• [Task statement]: Which lines come from the start of the listing through the line holding "Infection, implant failure, or"? Restate exactly those, both included, minus the pictures.

• [Raw data]:
__________________________________________________

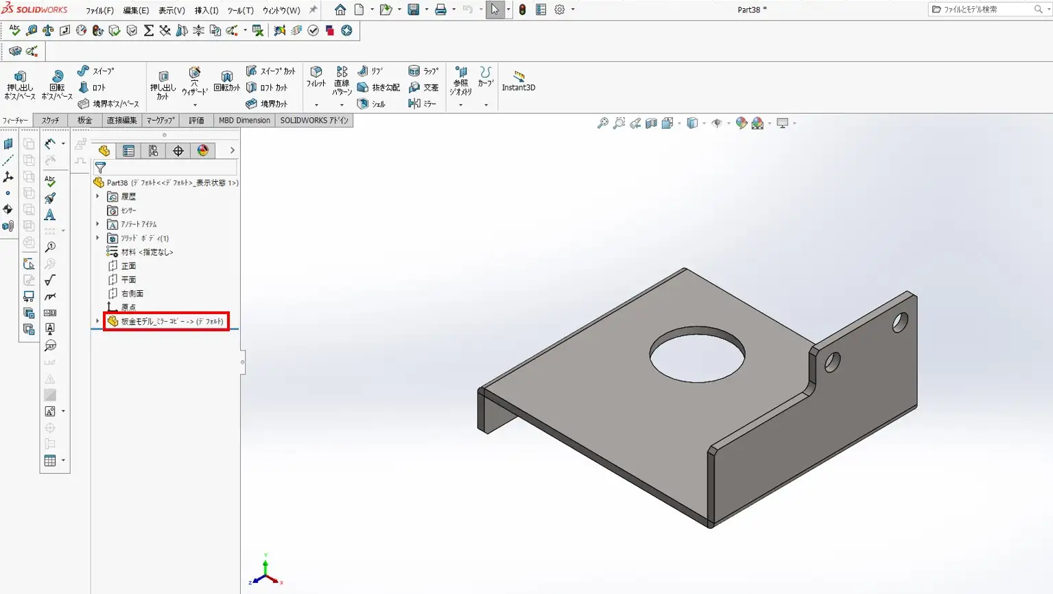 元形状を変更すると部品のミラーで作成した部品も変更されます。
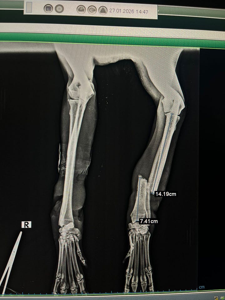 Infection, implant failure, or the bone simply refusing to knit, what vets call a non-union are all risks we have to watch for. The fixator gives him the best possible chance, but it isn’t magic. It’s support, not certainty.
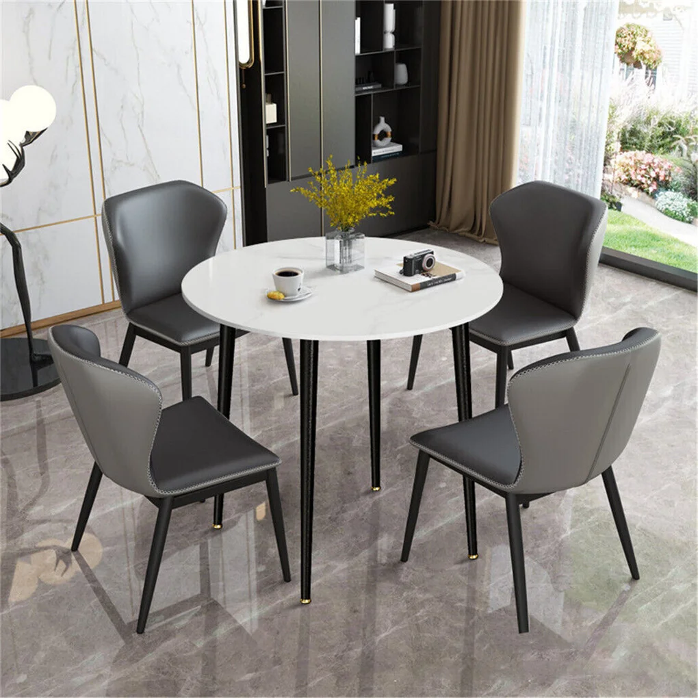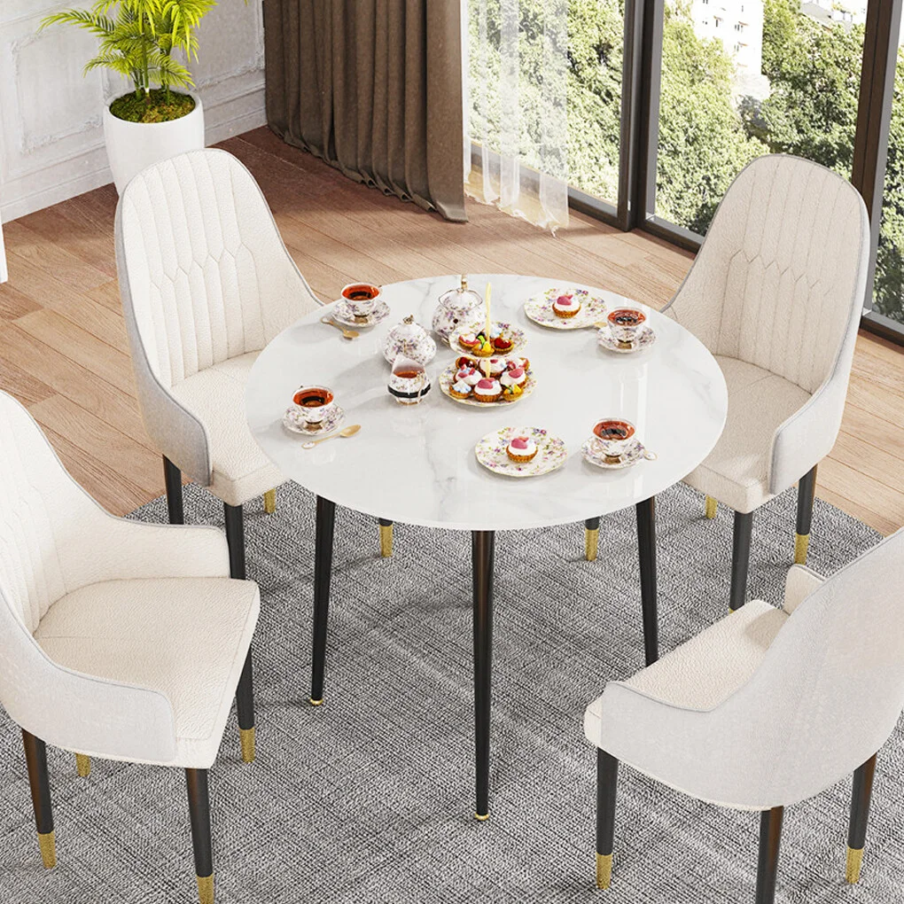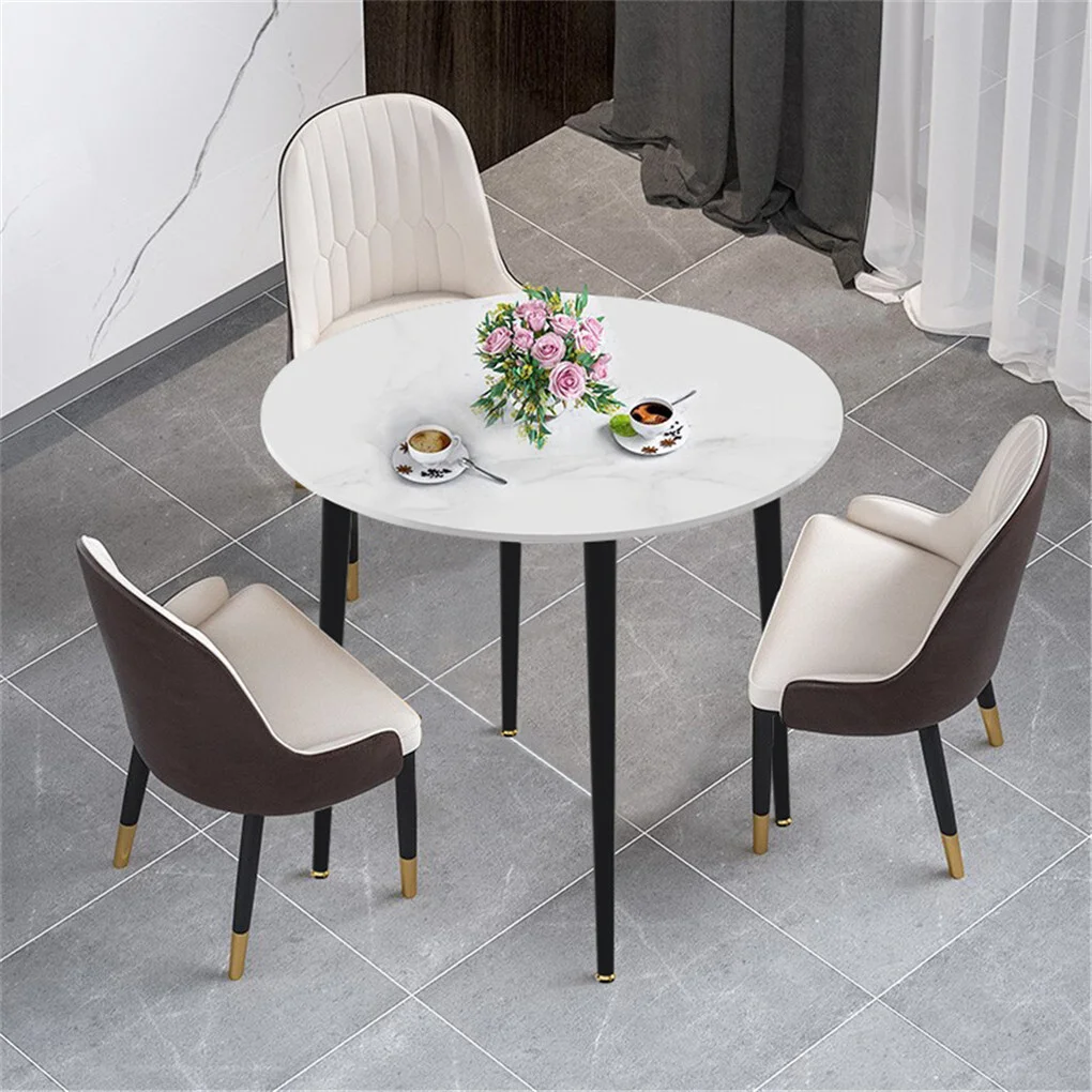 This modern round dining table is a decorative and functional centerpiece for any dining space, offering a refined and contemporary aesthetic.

__________________________________________________

• [Exercise solution]:
 元形状を変更すると部品のミラーで作成した部品も変更されます。
 Infection, implant failure, or the bone simply refusing to knit, what vets call a non-union are all risks we have to watch for. The fixator gives him the best possible chance, but it isn’t magic. It’s support, not certainty.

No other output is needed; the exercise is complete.